Revolutionary Psoriasis Treatments

The National Psoriasis Foundation began with a simple classified ad in a Portland, OR newspaper in 1966. Beverly Foster’s husband inquired in the ad if other people suffered as his 30 year old wife had with a skin disorder. Over 100 calls came in and the next year the Psoriasis Foundation was born.

Despite their best efforts, today Psoriasis affects not 100 Oregonians, but 7,500,000 Americans. About $11 billion dollars are spent annually on direct and indirect costs of the disease.

Recently, a headline read: 3 Drug makers Developing Revolutionary Psoriasis Treatments. Should we all be excited with this headline?

MY TAKE: I have absolutely no idea what drugs exist today for Psoriasis, nor can I even pronounce these newly developed drugs, but as the article pointed out, “some predict that the worldwide market for Psoriasis drugs could double by 2022 to more than $7.6 billion.” Great news….for drug company investors, but what about patients?

David Weakley, MD was an open minded Dallas dermatologist who told me that doctors in his field really couldn’t help Psoriasis patients other than temporarily with cortisone and UV light boxes. “I wish we knew the cause of it,” he told me one day.
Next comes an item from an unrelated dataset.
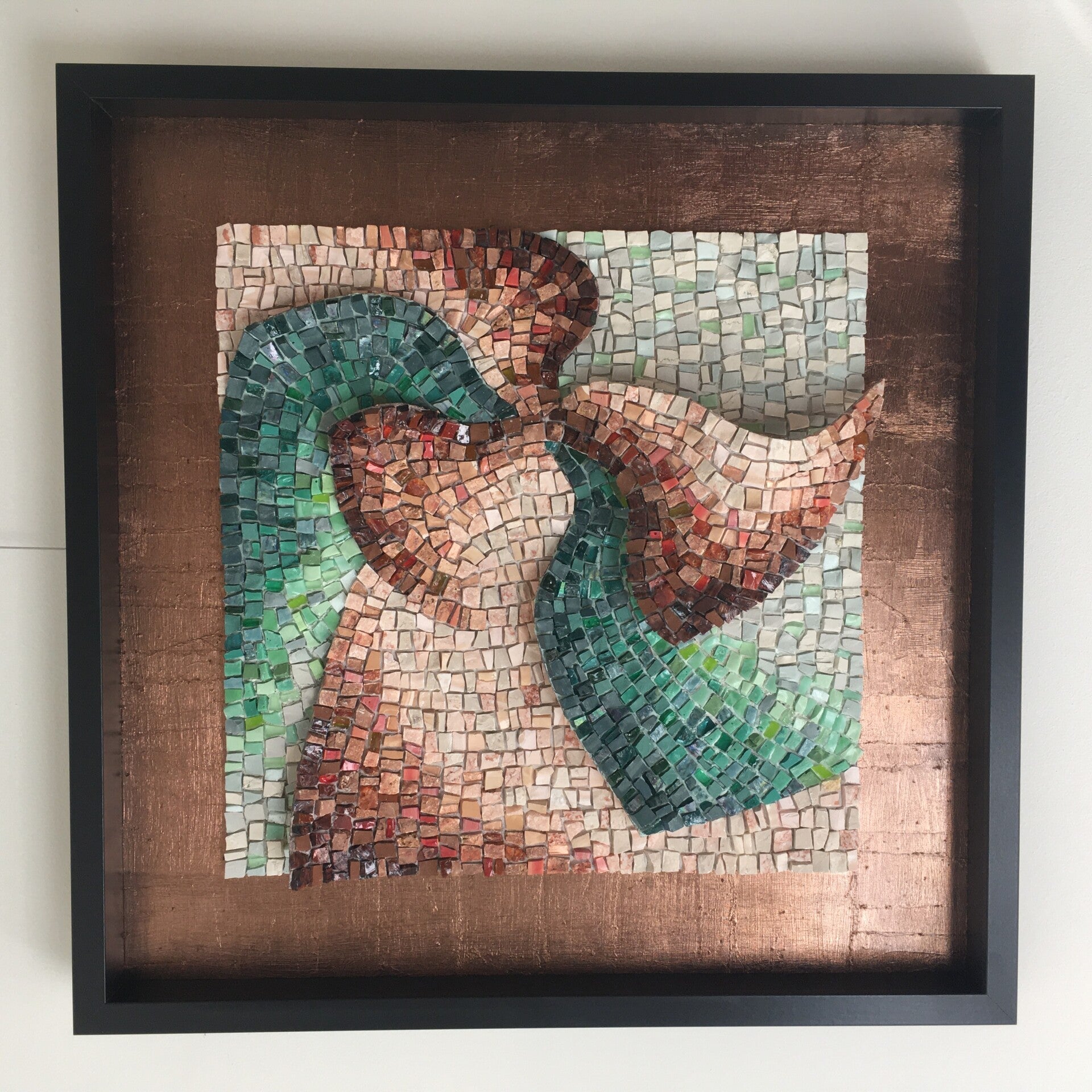 2-D mozaïek op een bewerkte aluminium plaat. Achtergrond van bladkoper en zijde chifon.

I asked him if he would help me confirm my suspicions on the fungus link to Psoriasis. If he would prescribe two drugs, Diflucan and Nystatin for 20 of his many Psoriasis patients, I would place them on my Kaufmann 1 diet during the month they were on these drugs.
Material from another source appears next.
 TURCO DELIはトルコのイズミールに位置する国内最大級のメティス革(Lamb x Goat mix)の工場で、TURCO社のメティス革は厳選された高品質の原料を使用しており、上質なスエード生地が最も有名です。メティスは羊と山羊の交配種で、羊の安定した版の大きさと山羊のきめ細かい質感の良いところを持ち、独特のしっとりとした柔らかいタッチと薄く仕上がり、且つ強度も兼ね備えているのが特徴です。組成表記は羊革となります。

The results proved to him and confirmed to me that some Psoriasis patients suffer from systemic yeast problems. The small study was never concluded as Dr. Weakley passed before it ever got published. But he did let me offer the antifungal approach to many others with Psoriasis (and other conditions) after witnessing the successes that he did.

To me, the diet and antifungal drugs were the “revolutionary Psoriasis treatments” because they offered hope. These 3 new drugs will likely hush symptoms for 4-6 hours at a time, thereby becoming the same “expensive urine” temporary treatments that so many allopathic doctors have long accused safe supplements of being.